→ **EXERCISE GOAL**
Everything from the line containing "Настенный смеситель для" down to the last line below should be set down exactly, and only that, without the pictures.
DATA EXCERPT Block Start
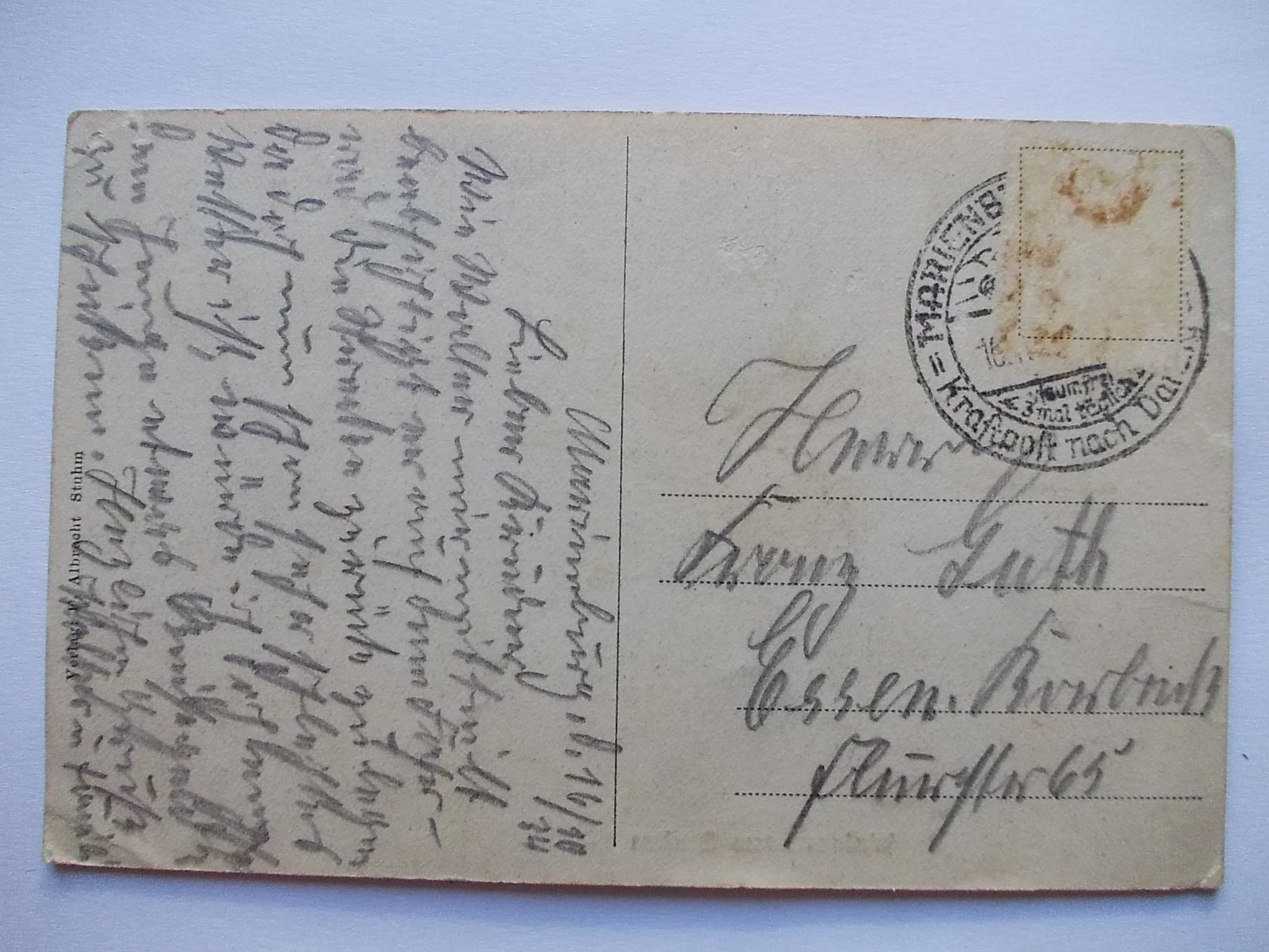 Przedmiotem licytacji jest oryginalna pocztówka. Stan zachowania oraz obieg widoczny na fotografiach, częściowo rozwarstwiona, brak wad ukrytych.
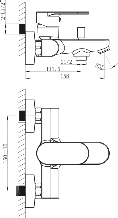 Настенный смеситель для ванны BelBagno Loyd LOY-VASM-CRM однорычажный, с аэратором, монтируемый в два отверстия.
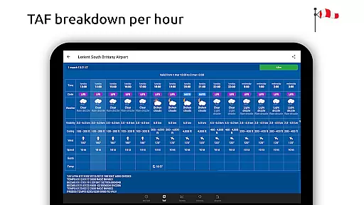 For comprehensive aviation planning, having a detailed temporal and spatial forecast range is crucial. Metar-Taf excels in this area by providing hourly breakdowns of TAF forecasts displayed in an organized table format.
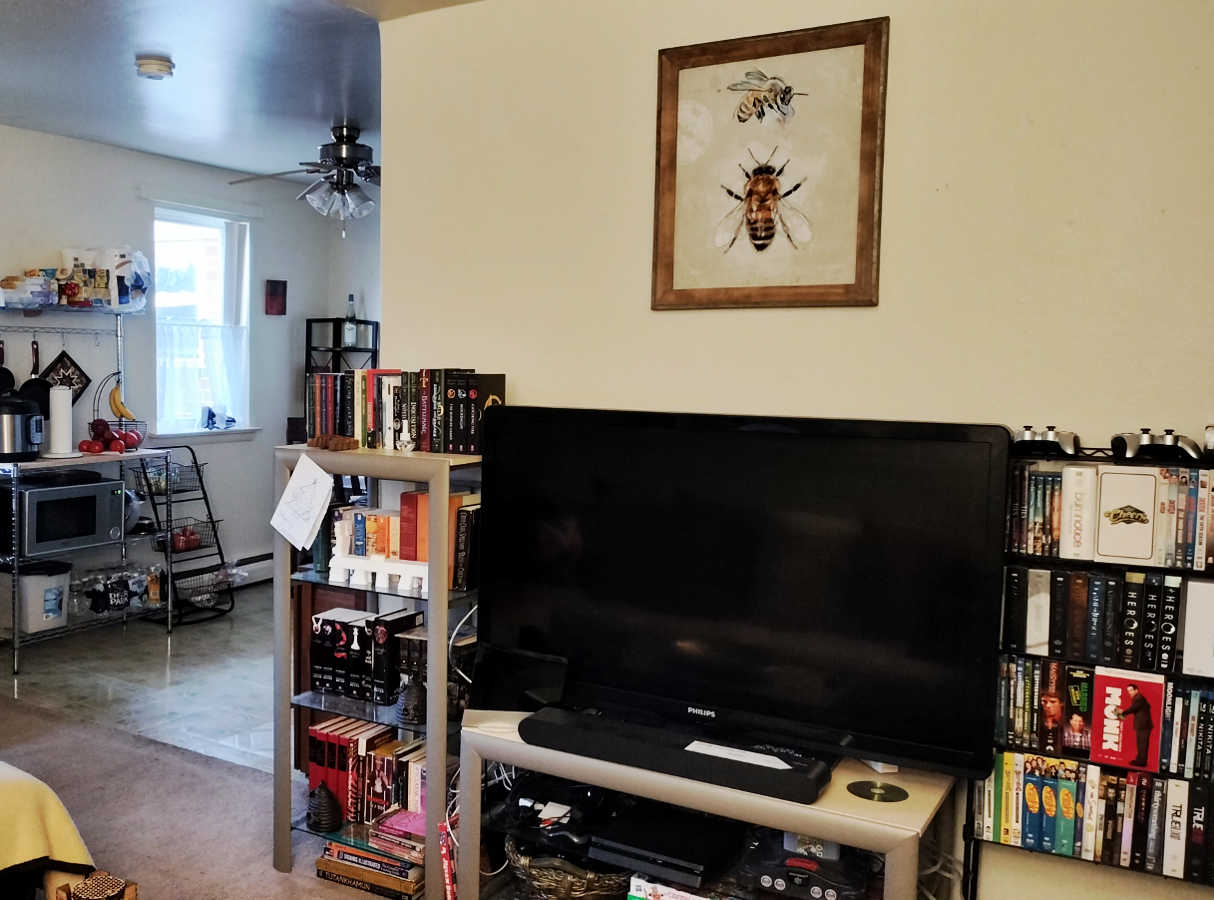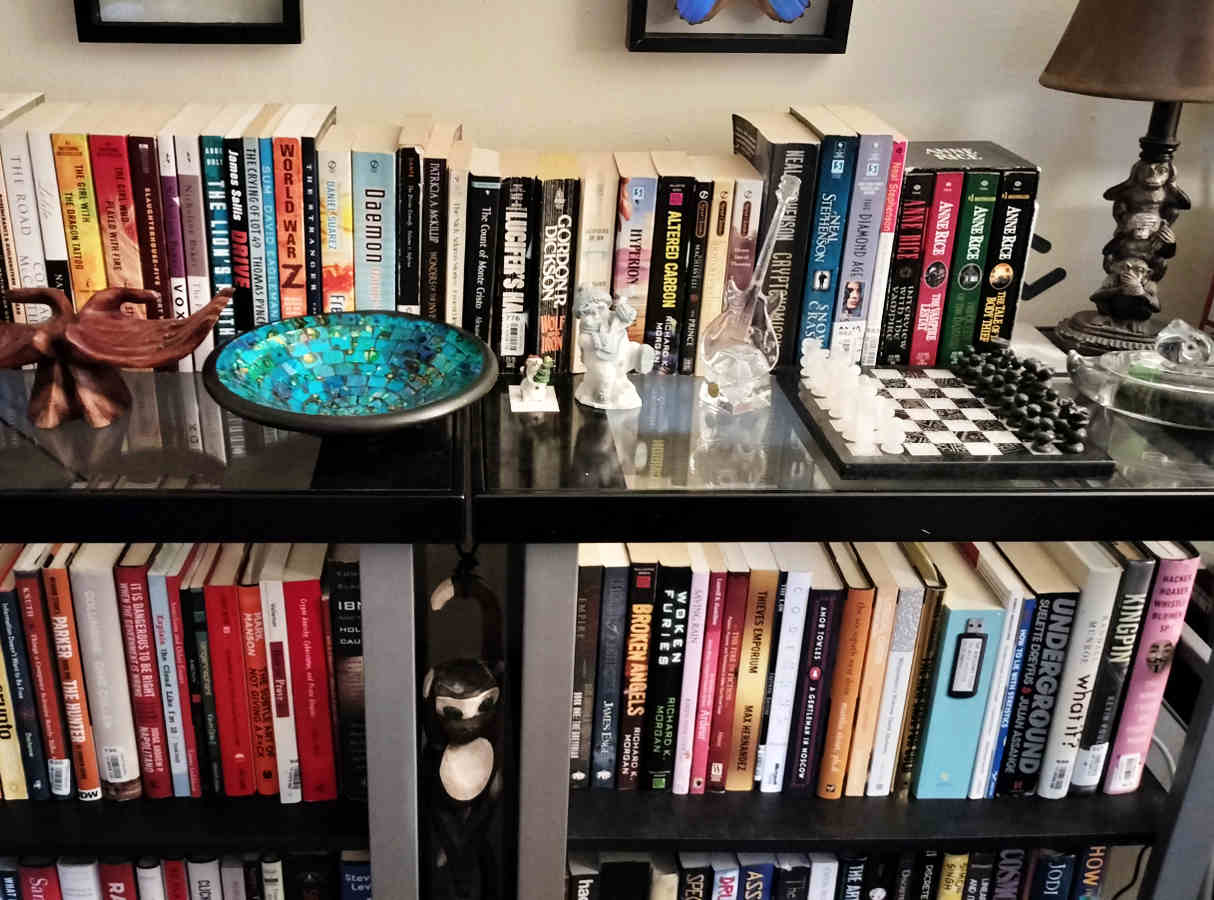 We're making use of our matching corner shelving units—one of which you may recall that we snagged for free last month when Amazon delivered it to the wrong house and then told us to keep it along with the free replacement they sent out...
DATA EXCERPT Block End
→ **ANSWER AREA**
 Настенный смеситель для ванны BelBagno Loyd LOY-VASM-CRM однорычажный, с аэратором, монтируемый в два отверстия.
 For comprehensive aviation planning, having a detailed temporal and spatial forecast range is crucial. Metar-Taf excels in this area by providing hourly breakdowns of TAF forecasts displayed in an organized table format.
 We're making use of our matching corner shelving units—one of which you may recall that we snagged for free last month when Amazon delivered it to the wrong house and then told us to keep it along with the free replacement they sent out...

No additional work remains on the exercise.